Return valid JSON conforming to the following Typescript type definition:

```
{
    "description": string,
    "guests": {"name": string, "affiliation": string | null, "extended_description": string | null}[]
    "dewey_decimal": {"reason": string, "code": string, "label": string},
}
```

This is used together with a user message that gives the episode notes to the AI:

Episode synopsis (Markdown):

{notes}

The AI then responds with the structured data.

Structuring the reading list

The second prompt is the reading list.

Confounding the data extraction is that the reading list is not always in the same format. Mostly it is “{title}, {author}” but sometimes the reverse. Sometimes there are dates. Sometimes it is mixed with hyperlinks, which we don’t want. Commas are all over the place. Trickier: book names can sometimes look like author names.

As an output, we want fields that are labeled confidently. The books data will be enriched using the Google Books API later, so we’re not too worried about missing fields – but the better the data, the better the matching.

Here’s the system prompt. You can see a reasoning field that works in the same way as the Dewey Decimal classification above.

Extract the reading list from the supplied episode notes from a podcast. Move text verbatim into the correct fields. You can re-order text, but do not re-phrase or invent any text.

Only include books and papers, not links or websites or other media. There may be other sections other than the reading list. Ignore these.

title and author fields MUST NOT be null or empty. If there is not a title or author, do not include the entry in the list.

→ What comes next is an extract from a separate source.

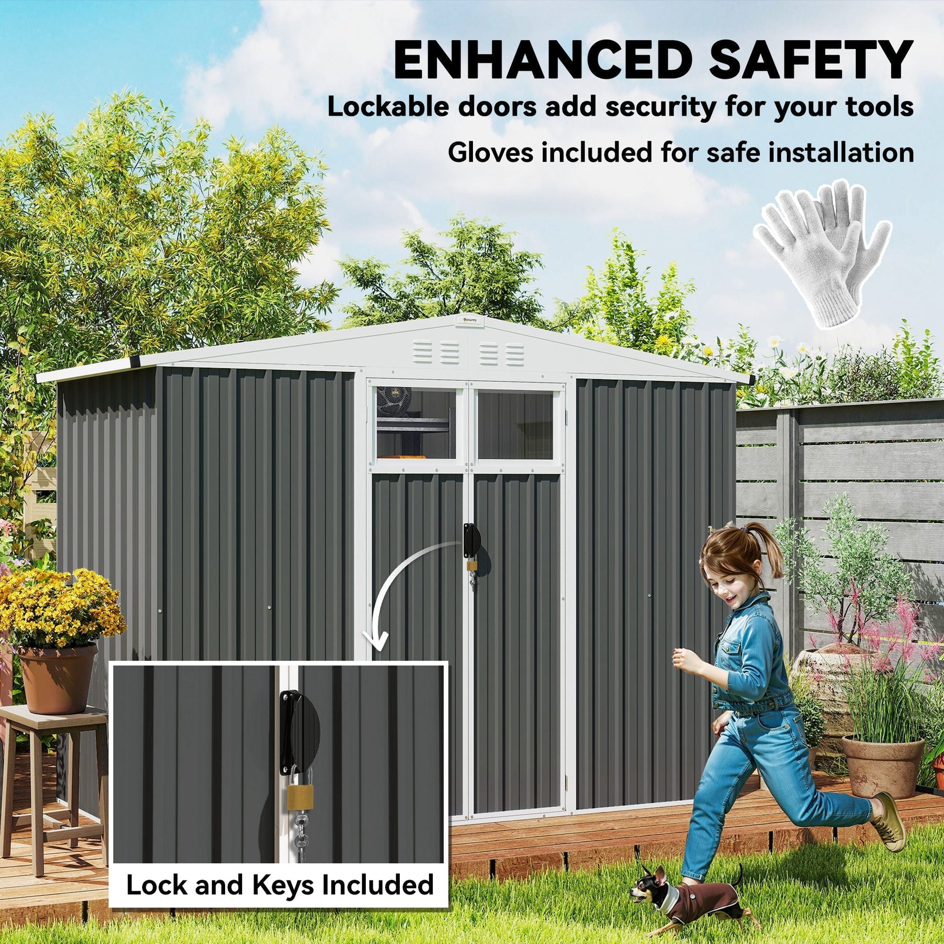 Discover the charm of tidiness with the Outsunny metal garden shed. Spaciously designed to house everything from bikes to garden tools, this garden shed features double doors for easy access and secure storage. Enjoy natural light with two transparent windows and keep the air fresh with four well-placed vents. Made from anti-UV, rust-resistant galvanised steel, it's the stylish haven for all your outdoor essentials.

Usually the reading list has entries in the format "[title], [author]" but sometimes it is in a different format. For books, use the "reasoning" field to very briefly think out loud about how to break down each entry into the correct fields, e.g. "the author is second". Do not use the field to replicate any text from the title or author fields.

The author field will sometimes have multiple authors, or an editor denoted like "John Smith (ed.)". Always put the verbatim text in the author field, and do not try to split it up.

Return a valid JSON list of dictionaries, where the returned JSON object conforms to the following Typescript type definition:

```
{
    "reasoning": string;
    "title": string;
    "author": string;
    "url": string | null;
    "publisher": string | null;
    "year": string | null;
}[]
```

Output only valid JSON. Do not output any delimiters or other text.

The user message includes the relevant part of the episode notes, similar to the episode notes prompt.